Per-run identification statistics for the end-of-search report.

Populated by collectRunStatistics_() once a single spectrum file has been searched (post-FDR), plus a few fields captured at well-defined points during search() (target/decoy counts pre-FDR, achieved q-value, timing). All counts refer to one input file. Cross-file/shared facts (database, fragment index, configuration) live in SharedSearchStats instead.

Collaboration diagram for ProSEAlgorithm::RunStatistics:
[legend]
Class Members
double achieved_psm_fdr = -1.0 max retained q-value after FDR (<0 = n/a)
map< Int, Size > charge_histogram precursor charge -> PSM count
Size decoy_psms = 0 decoy PSMs in the final IDs (after FDR, if applied)
bool fdr_applied = false true if PSM-level FDR filtering ran
double frag_err_mad = 0.0
double frag_err_median = 0.0
double frag_err_recommended = 0.0
bool frag_tol_valid = false true if fragment-error estimate present
double hyperscore_max = 0.0
double hyperscore_median = 0.0
double hyperscore_min = 0.0
string input_file spectrum file this run searched (basename or path)
Size matched_spectra = 0 spectra with >=1 retained PSM in the final IDs (after FDR, if applied)

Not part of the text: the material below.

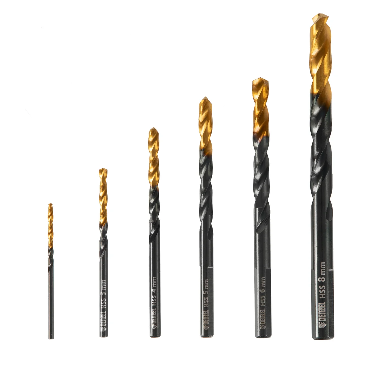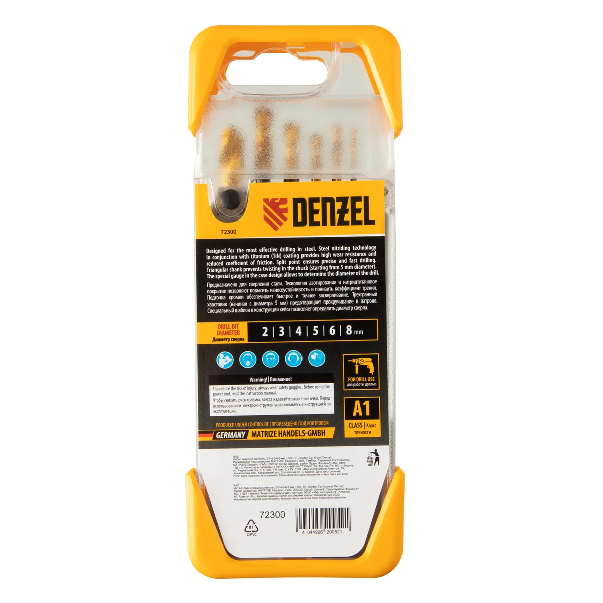 Набор Denzel Golden Tip 72300 включает 6 сверл по металлу диаметром 2, 3, 4, 5, 6 и 8 мм, предназначенных для сверления отверстий в заготовках из сталей различной твердости. Оснастке присвоен класс точности A1: оптимальная геометрия вышлифованных профилей обеспечивает высокую точность полученных отверстий. Сверла упакованы в пластиковый кейс, в крышке которого имеется удобный шаблон для быстрого определения диаметра. Набор будет полезен дома и в слесарной мастерской.ПреимуществаПрочность — сверла из быстрорежущей стали устойчивы к перегреву и выдерживают высокие нагрузки.Долговечность — оснастки изготовлены с применением технологии азотирования и имеют нитридтитановое покрытие, что обеспечивает устойчивость к истиранию и образованию коррозии.Высокая скорость сверления — сверла обладают пониженным коэффициентом трения и обеспечивают эффективный отвод стружки.Легкое засверливание — подточка поперечной кромки Split point позволяет приступать к работе без предварительной разметки поверхности (накернивания).Надежная фиксация — сверла с трехгранными хвостовиками не проворачиваются в патроне.Удобное хранение и транспортировка — сверла поставляются в прочном пластиковом кейсе.

map< Size, Size > missed_cleavage_histogram missed cleavages -> PSM count
Size ms2_spectra = 0 number of MS2 spectra in the input
double prec_err_mad = 0.0
double prec_err_median = 0.0
double prec_err_recommended = 0.0
bool prec_tol_valid = false true if precursor-error estimate present
bool score_stats_valid = false true if hyperscore_* below are meaningful
double seconds_calibration = 0.0 calibration pass wall time (0 if disabled)
double seconds_fdr = 0.0 FDR filtering wall time (0 if not applied)
double seconds_search = 0.0 scoring + post-processing wall time
Size target_psms = 0 target PSMs in the final IDs (after FDR, if applied)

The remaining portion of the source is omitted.